Take ibus-sunpinyin for example, which isn't existed in the squeeze release. I'm not going to switch the whole system to the sid branch, so, I want to download the single package from sid repository and install it like:

# Add the sid repository
sudo mv /tmp/sid.list /etc/apt/sources.list.d/

# Error: can't install because version conflicts of libc6:
#     sudo apt-get install ibus-sunpinyin

# This is ok but it will upgrade a lot of mess from sid branch:
#     sudo apt-get upgrade ibus-sunpinyin

# So, instead of apt-get install/upgrade, let me download & install the single package.
# However, this errored again because of version conflicts of libc6:
#      apt-get install --download-only ibus-sunpinyin


# Remove the sid repository.
sudo mv /etc/apt/sources.list.d/sid.list /tmp

# Install the single package.
sudo dpkg -i ./ibus-sunpinyin-x.x.x.deb
  • To download a single package: you can apt-get download ... (for apt-get 0.8.11+), or aptitude download .... However, I'm also failed to sudo dpkg -i ibus-sunpinyin-x.x.x.deb due to sid dependencies.
    – Lenik
    Aug 23, 2011 at 6:04

5 Answers 5


You can also try downloading the source packages from the sid repository, and build them on your squeeze system. You might run into trouble if there are a lot of dependencies, or if the package depends on a version of a library that is not available in squeeze.

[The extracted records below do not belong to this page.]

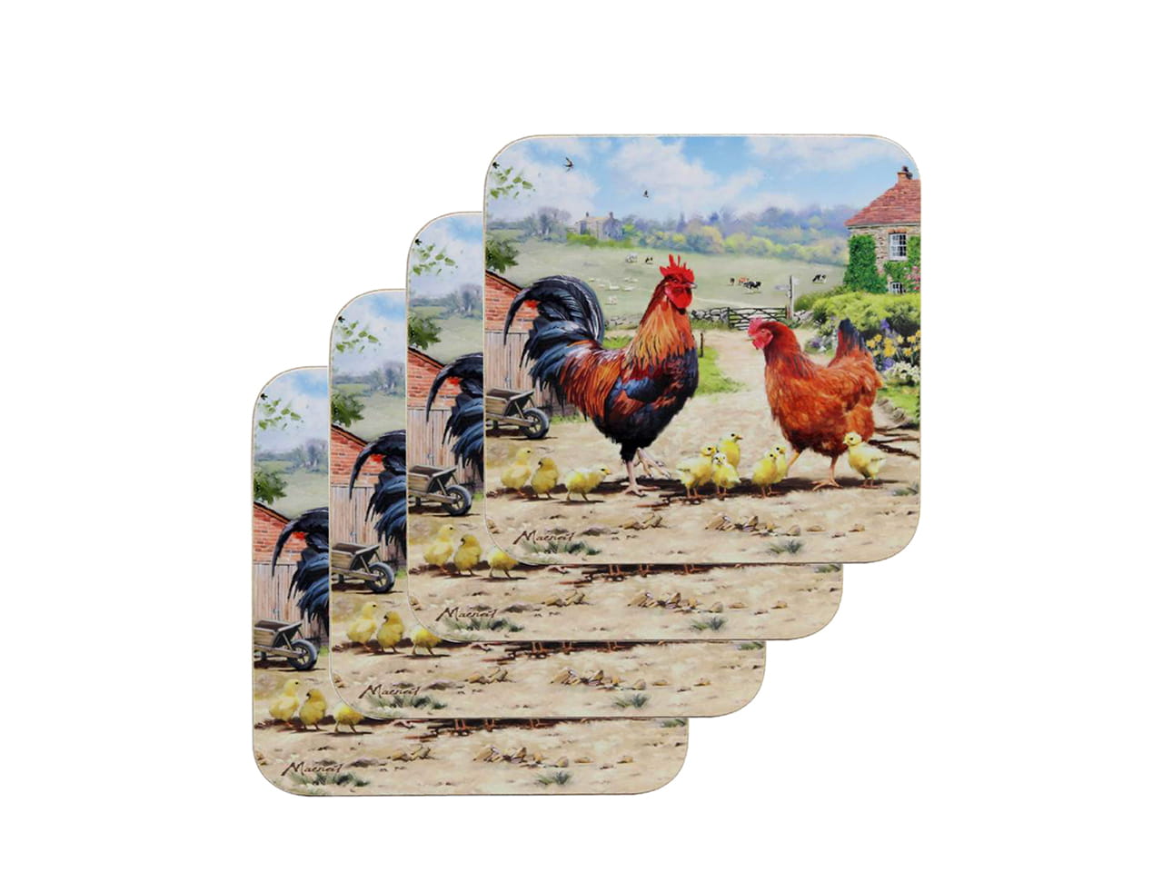 Zestaw 4 podkładek korkowych o wymiarach 11x11 cm, zapakowany w kolorowy kartonik.
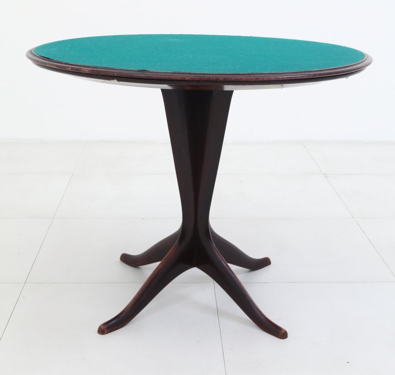 UN TAVOLO DA GIOCO, anni "50. Legno di palissandro, legno impiallacciato In...
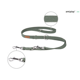 Talutin on valmistettu amiplayn yksinoikeudella erittäin kestävästä ja joustavasta kaksipuolisesta puuvillanauhasta, joka on pehmeän ja mukavan tuntuinen sekä koiralle että omaan käteen. Hihna on vahvistettu kiinnityskoukun ja käsilenkin ympäriltä, mikä parantaa kestävyyttä ja lisää käyttöikää. Käsilenkin lähellä olevaan silmukkaan voit kiinnittää vaikka kakkapussipussukan.
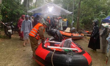 Phó thủ tướng ngồi thuyền vượt lũ vào thăm bà con tại thôn Hữu Tân (xã Ninh Châu) và thôn Cây Đa (xã Diên Sanh).
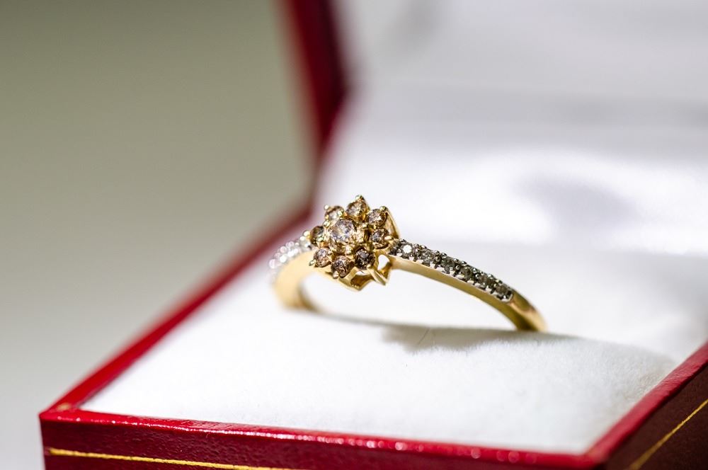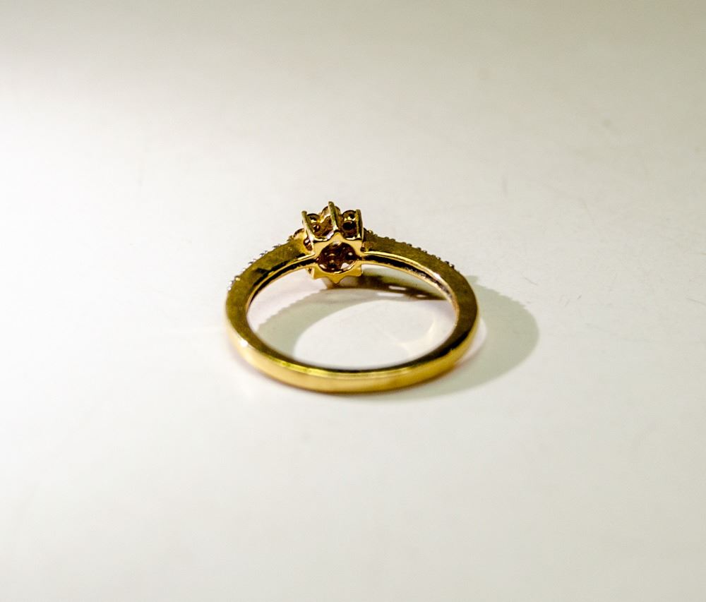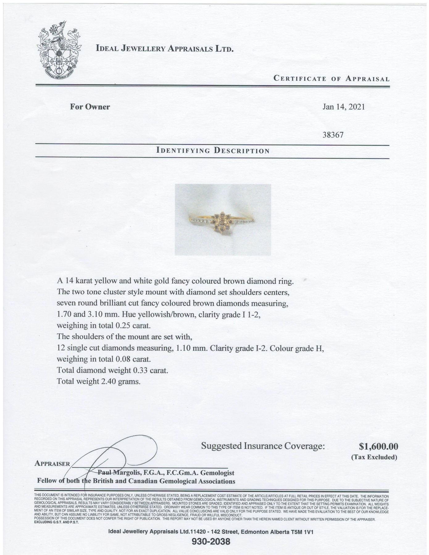 DIAMOND RING. SIZE 7.5. THE TWO TONE CLUSTER STYLE MOUNT WITH DIAMOND SET SHOULDERS CENTERS SEVEN ROUND BRILLIANT CUT FANCY COLORED BROWN DIAMONDS MEASURING 1.70 AND 3.10 MM., HUE YELLOWISH/BROWN, CLARITY GRADE I 1-2, WEIGHING IN TOTAL 0.25 CARAT. THE SHOULDERS OF THE MOUNT ARE SET WITH 12 SINGLE CUT DIAMONDS MEASURING 1.10 MM., CLARITY GRADE I-2. COLOR GRADE H, WEIGHING IN TOTAL 0.08 CARAT. TOTAL DIAMOND WEIGHT 0.33 CARAT. TOTAL WEIGHT 2.40 GRAMS. COMES WITH CERTIFICATE OF APPRAISAL FROM LOCAL APPRAISER, SUGGESTED INSURANCE COVERAGE $1600.00. JEWELLERY

If this works, then you don't need to maintain another distribution in a separate folder, as you would with the bootstrapped approach.


What you REALLY want is to learn about apt-pinning. http://jaqque.sbih.org/kplug/apt-pinning.html

  • You need this if the package you want has no backport. Otherwise I would wager backports generally function better.
    – d-_-b
    Jan 3, 2014 at 1:40
  • 1
    Yeah. Backports are a much safer bet. Apt-pinning will not always work and will sometimes pull way more than you want (nobody will want to help if you pull libc6 from sid!)
    – Rob
    Jan 9, 2014 at 14:07

The easy way is to set preferences so that the system uses stable for most packages but falls back to testing or unstable for missing packages.

Here are the steps:

  1. Add this to /etc/apt/sources.list:

     deb http://deb.debian.org/debian buster main
     deb http://deb.debian.org/debian testing main non-free contrib
     deb http://deb.debian.org/debian unstable main non-free contrib
  2. Write this to /etc/apt/preferences (or create the file)

     Package: *
     Pin: release a=stable
     Pin-Priority: 700
     Package: *
     Pin: release a=testing
     Pin-Priority: 650
     Package: *
     Pin: release a=unstable
     Pin-Priority: 600
  3. Run apt-get update

  4. Install the package you want (e.g. apt-get install ibus-sunpinyin)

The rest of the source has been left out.